====== Records provided

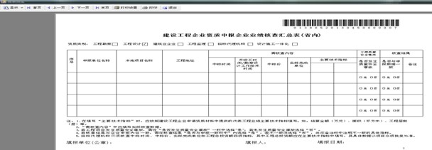 7、點(diǎn)擊“查閱”,彈出“資質(zhì)上報文件查閱”窗口,點(diǎn)擊“打印業(yè)績核查表”按鈕,彈出打印業(yè)績核查表打印預(yù)覽,點(diǎn)擊“打印”按鈕即可(圖20-36):
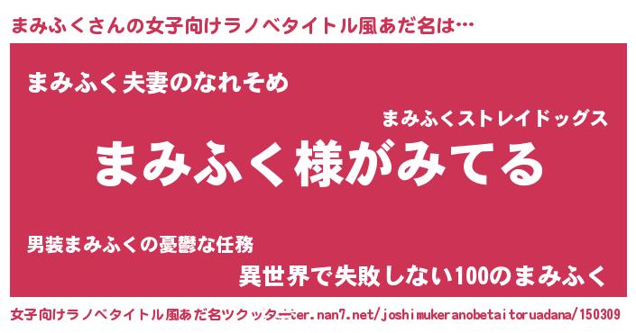 | 男性向けラノベタイトル風あだ名 | 『まみふくの嫁は女の子じゃないと思った?』 |
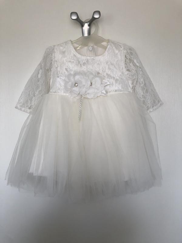 Красивое праздничное геппюровое платье. Одягнене один раз для фото Размер на 1-3 месяца (62-68) Цветочки и бант снимается В комплекте колготы, туфли и на голову ободок Колготы, туфли и ободок не были одеты На коробке цена 35$
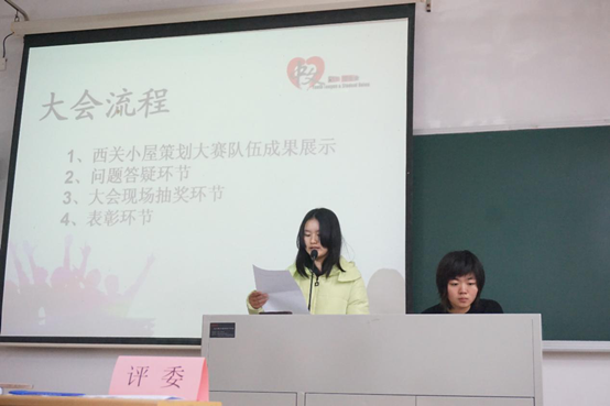 本网讯 3月10日晚上,第四届西关小屋策划大赛暨优秀志愿者表彰大会在六教B201举行。出席大会的有评委白云山西门志愿者驿站站长张志武、中文团学副书记张晓宜、中文团学实践部与中文志协部长苏彩霞以及副部长洪毓敏和文华娟、还有参赛者及优秀志愿者等。
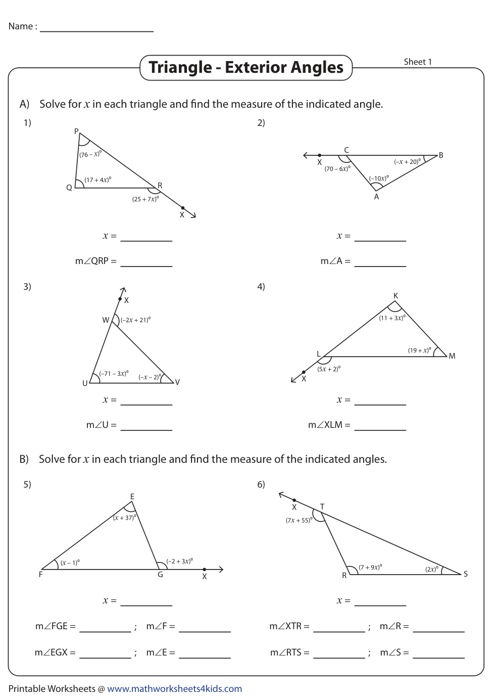 U3_Day 4 Find Exterior Angles - Algebra
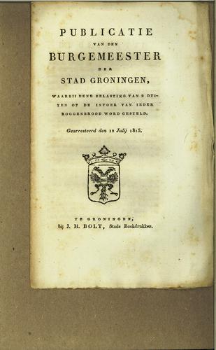 Publicatie heffing op roggebrood, 1815
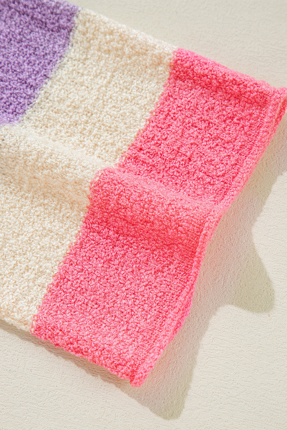Pink Oversized Colorblock V Neck Hooded Sweater
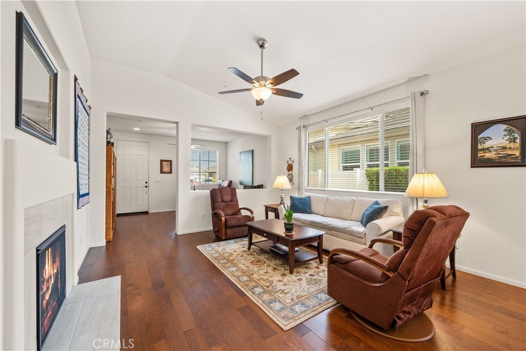 Discover the perfect blend of comfort and elegance in this stunning home, nestled in the desirable 55+ gated community of Orchid. Tucked away on a peaceful cul-de-sac, this property offers a serene, low-maintenance lifestyle that’s sure to impress. Step inside to a welcoming formal dining area and a spacious living room with a cozy fireplace, creating the perfect backdrop for gatherings or quiet evenings at home. The gourmet kitchen is a true centerpiece, featuring quartz countertops, stainless steel appliances, upgraded cabinetry, a walk-in pantry, and a generous island overlooking the expansive great room. For added convenience and peace of mind, the home is equipped with a whole house soft water system and a reverse osmosis unit under the kitchen sink, delivering clean, high-quality water throughout. The family room, located just off the primary bedroom, offers seamless access to the private backyard, where an Alumawood patio cover with ceiling fans provides year-round comfort for outdoor relaxation. Retreat to the luxurious primary suite, thoughtfully designed with dual sinks, a walk-in shower, and a spacious walk-in closet. Additional highlights include a conveniently located laundry area inside the two-car garage, as well as ample guest parking on the street. The community offers an abundance of amenities, including a sparkling pool, jacuzzi, clubhouse, and tennis courts, all just across the street from a larger park. And with Menifee’s best shopping, dining, and entertainment only minutes away, this home truly has it all. Don’t miss your chance to experience the charm of Rim Creek — schedule your private tour today!
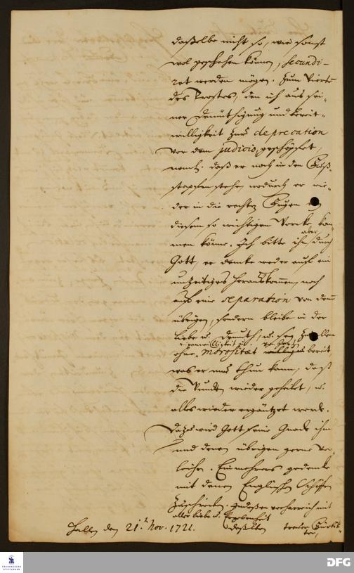 Brief von August Hermann Francke an Johann Heinrich Kistemacher.
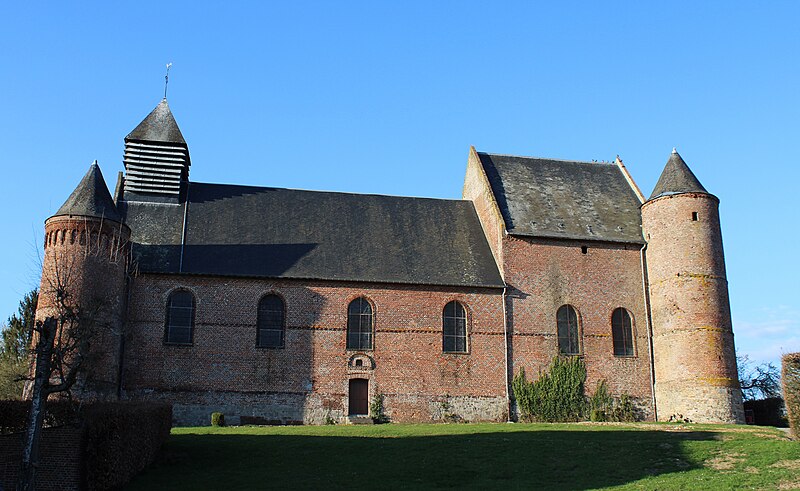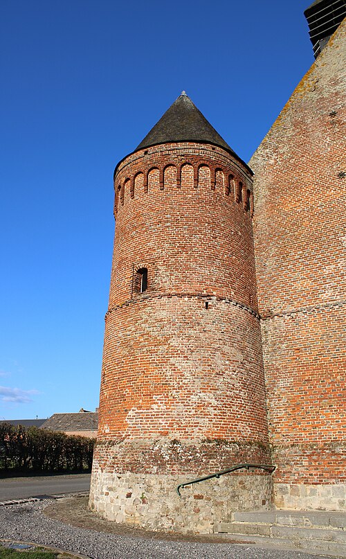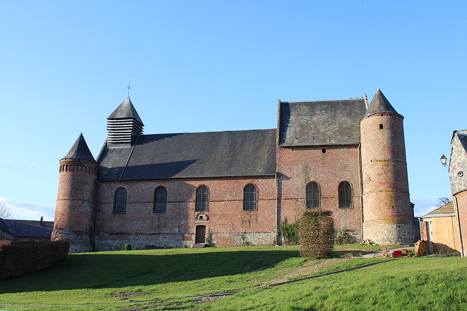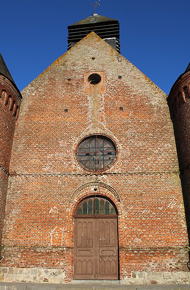 L'église Saint-Martin d'Esquéhéries se dresse sur un tertre dominant le village. Elle est construite entièrement en briques, à l'exception du soubassement extérieur en grès. L'édifice forme un rectangle de 33 × 11 mètres, flanqué à chaque angle d'une tour saillante d'environ 5 mètres de diamètre. La nef comporte quatre travées dont les baies furent agrandies au XIXe siècle ; jadis plafonnée, elle est depuis 1922 voûtée d'ogives en briques creuses. Très homogène malgré des remaniements aux XIXe et XXe siècles, l'église paraît avoir été élevée d'un seul jet dans la première moitié du XVIIe siècle. Conçue plutôt comme église refuge que comme fortification, elle comporte une salle forte et environ quarante meurtrières réparties sur l'ensemble de l'édifice. Par sa taille et sa cohérence, elle figure parmi les plus remarquables églises de la Thiérache. Sa reconstruction s'étend entre 1570, date à laquelle le duc de Guise autorisa la vente de terres pour cet usage, et 1670, année portée sur une poutre de la salle forte. Pendant la Révolution, l'église servit de fabrique de poudre. Le cimetière qui l'entourait, devenu insuffisant, fut progressivement abandonné après la création d'un nouveau cimetière à la limite de la commune vers 1850. Dans le dernier quart du XIXe siècle, des travaux concernèrent l'agrandissement ou le percement de baies et la sacristie fut édifiée à la même époque. Retirée de la liste des Monuments Historiques par arrêté du 28 octobre 1886, elle fut très endommagée lors des bombardements de la Première Guerre mondiale puis restaurée vers 1922, perdant son plafond d'origine au profit de la voûte d'ogives. L'édifice a été inscrit à l'Inventaire supplémentaire des Monuments Historiques le 22 mars 1934, selon les archives. Les vitraux et l'essentiel du mobilier sont répertoriés à l'inventaire général du patrimoine culturel, comprenant notamment un christ du XVIe siècle, ainsi qu'une cuve baptismale, un confessionnal et une armoire du XVIIe siècle.
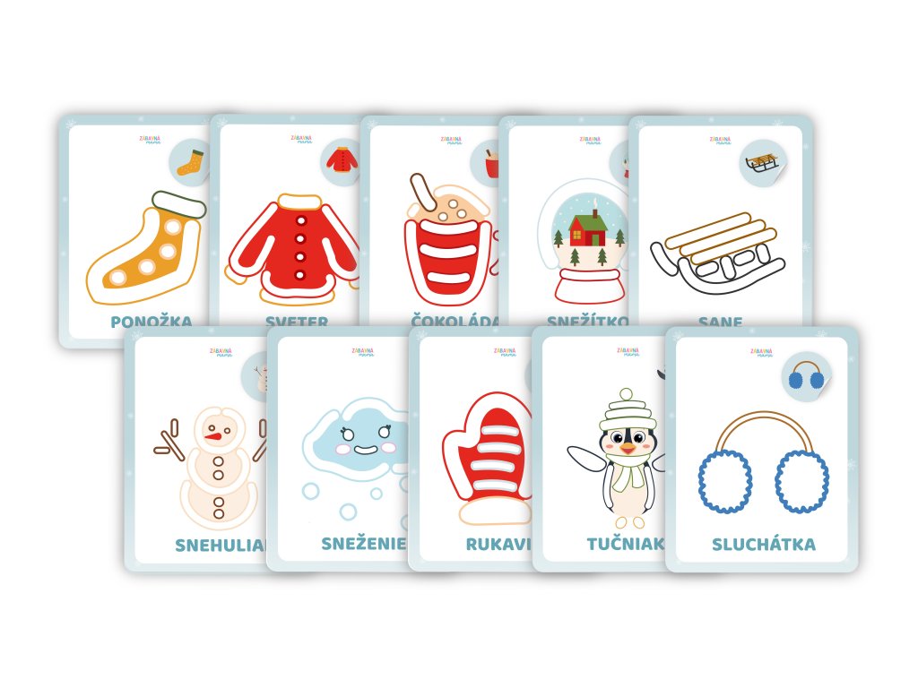 Sada obsahuje 10 tematických kartičiek so zimnými motívmi, ktoré deti dotvárajú pomocou plastelíny alebo modelovacej hmoty. Ilustrácie sú navrhnuté tak, aby deti motivovali k tvoreniu, modelovaniu a skúšaniu vlastných nápadov.
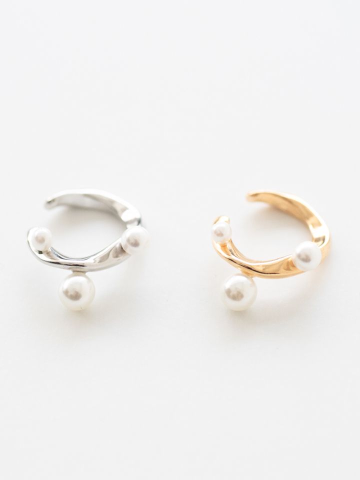 ウェーブをイメージしたようなニュアンス線にパールをあしらったイヤーカフです。
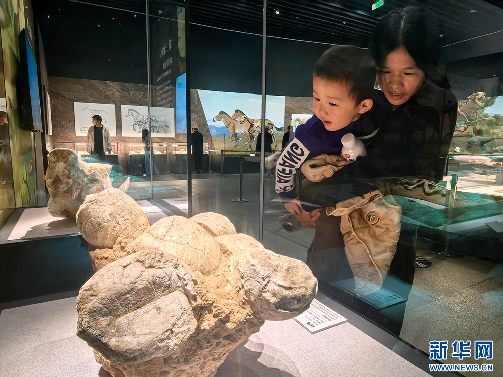 游客参观鸵鸟蛋化石。新华网(刘欣瑜 摄)
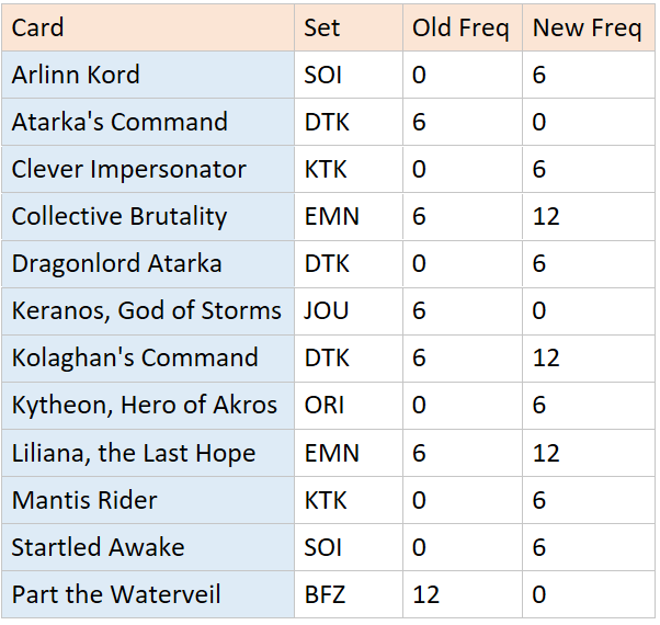 These are the two cards on the list you probably care most about. These were introduced to the chests in January, and now their frequencies are being increased from the slight 6 to the moderate 12. Collective Brutality has fallen off a cliff in recent weeks, and Liliana's outrageous price is being corrected, from 50 tix down to the present 40 tix.
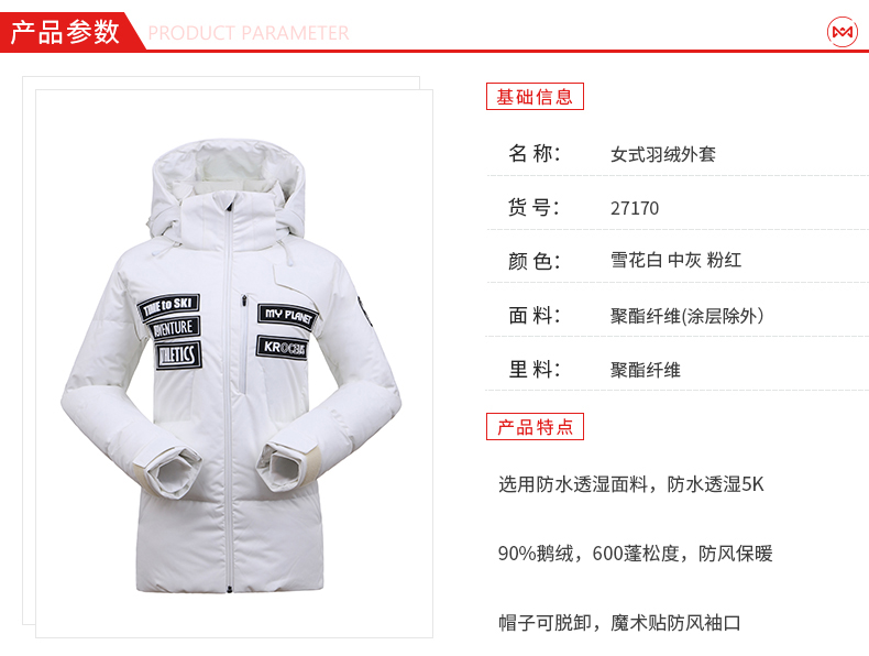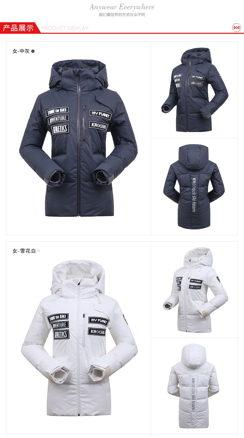这款羽绒服是地球科学家的旗舰款,为冬季滑雪设计,滑雪服都需要防水,所以外层是防水的冲锋衣面料,M码充绒量高达219克,超级厚实保暖。有雪花白、中灰、粉红三种颜色,小编觉得白色最好看。
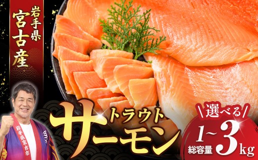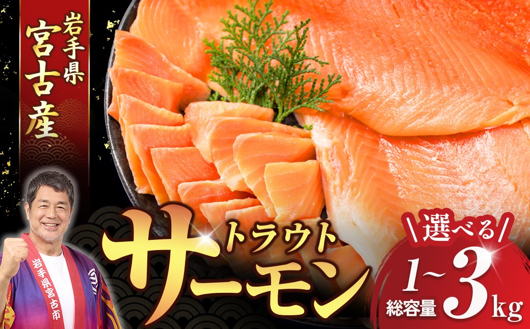 | 容量 | ■お礼品の内容について ・トラウトサーモン フィーレ・フィレ 1kg〜3kg 原産地:岩手県宮古市/加工地:岩手県宮古市 ■原材料・成分 トラウトサーモン(岩手県宮古市) |

============

Instructions for the task: Exercise for the records above: copy only the lines from the one with "U3_Day 4 Find Exterior Angles - Algebra" to the one with "Pink Oversized Colorblock", both ends kept, and drop the pictures.

Exercise response:
 U3_Day 4 Find Exterior Angles - Algebra
 Publicatie heffing op roggebrood, 1815
Pink Oversized Colorblock V Neck Hooded Sweater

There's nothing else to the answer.